- **Assignment**
Below are the records. Restate word for word every line from the one that contains "Την κατασκευή την" through the final line, both included.
Segment Open
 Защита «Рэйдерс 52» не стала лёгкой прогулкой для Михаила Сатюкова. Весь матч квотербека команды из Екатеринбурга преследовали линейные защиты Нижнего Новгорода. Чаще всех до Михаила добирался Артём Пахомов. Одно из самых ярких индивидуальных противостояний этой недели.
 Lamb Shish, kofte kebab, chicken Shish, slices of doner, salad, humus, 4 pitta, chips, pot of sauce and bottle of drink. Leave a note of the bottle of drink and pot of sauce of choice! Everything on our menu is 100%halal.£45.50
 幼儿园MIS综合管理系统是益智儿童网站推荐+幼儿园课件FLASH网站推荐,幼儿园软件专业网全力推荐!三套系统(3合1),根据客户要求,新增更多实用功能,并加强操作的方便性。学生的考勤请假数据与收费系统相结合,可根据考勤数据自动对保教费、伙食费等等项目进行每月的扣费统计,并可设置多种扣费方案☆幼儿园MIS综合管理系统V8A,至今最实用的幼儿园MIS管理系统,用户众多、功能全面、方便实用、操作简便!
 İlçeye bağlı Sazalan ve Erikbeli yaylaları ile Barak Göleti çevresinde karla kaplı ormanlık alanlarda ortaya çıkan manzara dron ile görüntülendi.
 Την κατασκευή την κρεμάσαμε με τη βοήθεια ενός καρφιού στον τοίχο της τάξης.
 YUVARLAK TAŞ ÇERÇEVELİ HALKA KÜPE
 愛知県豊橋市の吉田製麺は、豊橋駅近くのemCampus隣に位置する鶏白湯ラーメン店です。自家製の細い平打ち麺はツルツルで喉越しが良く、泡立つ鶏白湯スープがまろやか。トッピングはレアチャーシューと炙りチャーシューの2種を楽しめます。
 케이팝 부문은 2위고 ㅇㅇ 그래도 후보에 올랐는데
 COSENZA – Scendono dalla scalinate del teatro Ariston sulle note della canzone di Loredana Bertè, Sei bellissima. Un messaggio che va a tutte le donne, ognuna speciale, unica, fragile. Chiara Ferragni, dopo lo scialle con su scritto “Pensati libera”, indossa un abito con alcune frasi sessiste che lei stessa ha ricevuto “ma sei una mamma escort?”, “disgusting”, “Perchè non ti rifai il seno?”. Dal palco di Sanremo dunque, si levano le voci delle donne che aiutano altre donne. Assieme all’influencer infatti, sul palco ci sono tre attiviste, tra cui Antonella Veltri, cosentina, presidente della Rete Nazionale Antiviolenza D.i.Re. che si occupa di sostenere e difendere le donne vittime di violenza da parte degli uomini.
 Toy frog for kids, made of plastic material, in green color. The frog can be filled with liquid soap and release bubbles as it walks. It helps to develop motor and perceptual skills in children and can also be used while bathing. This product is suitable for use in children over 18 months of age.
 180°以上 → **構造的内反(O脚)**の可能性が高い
Segment Closed
- **Reply**
 Την κατασκευή την κρεμάσαμε με τη βοήθεια ενός καρφιού στον τοίχο της τάξης.
 YUVARLAK TAŞ ÇERÇEVELİ HALKA KÜPE
 愛知県豊橋市の吉田製麺は、豊橋駅近くのemCampus隣に位置する鶏白湯ラーメン店です。自家製の細い平打ち麺はツルツルで喉越しが良く、泡立つ鶏白湯スープがまろやか。トッピングはレアチャーシューと炙りチャーシューの2種を楽しめます。
 케이팝 부문은 2위고 ㅇㅇ 그래도 후보에 올랐는데
 COSENZA – Scendono dalla scalinate del teatro Ariston sulle note della canzone di Loredana Bertè, Sei bellissima. Un messaggio che va a tutte le donne, ognuna speciale, unica, fragile. Chiara Ferragni, dopo lo scialle con su scritto “Pensati libera”, indossa un abito con alcune frasi sessiste che lei stessa ha ricevuto “ma sei una mamma escort?”, “disgusting”, “Perchè non ti rifai il seno?”. Dal palco di Sanremo dunque, si levano le voci delle donne che aiutano altre donne. Assieme all’influencer infatti, sul palco ci sono tre attiviste, tra cui Antonella Veltri, cosentina, presidente della Rete Nazionale Antiviolenza D.i.Re. che si occupa di sostenere e difendere le donne vittime di violenza da parte degli uomini.
 Toy frog for kids, made of plastic material, in green color. The frog can be filled with liquid soap and release bubbles as it walks. It helps to develop motor and perceptual skills in children and can also be used while bathing. This product is suitable for use in children over 18 months of age.
 180°以上 → **構造的内反(O脚)**の可能性が高い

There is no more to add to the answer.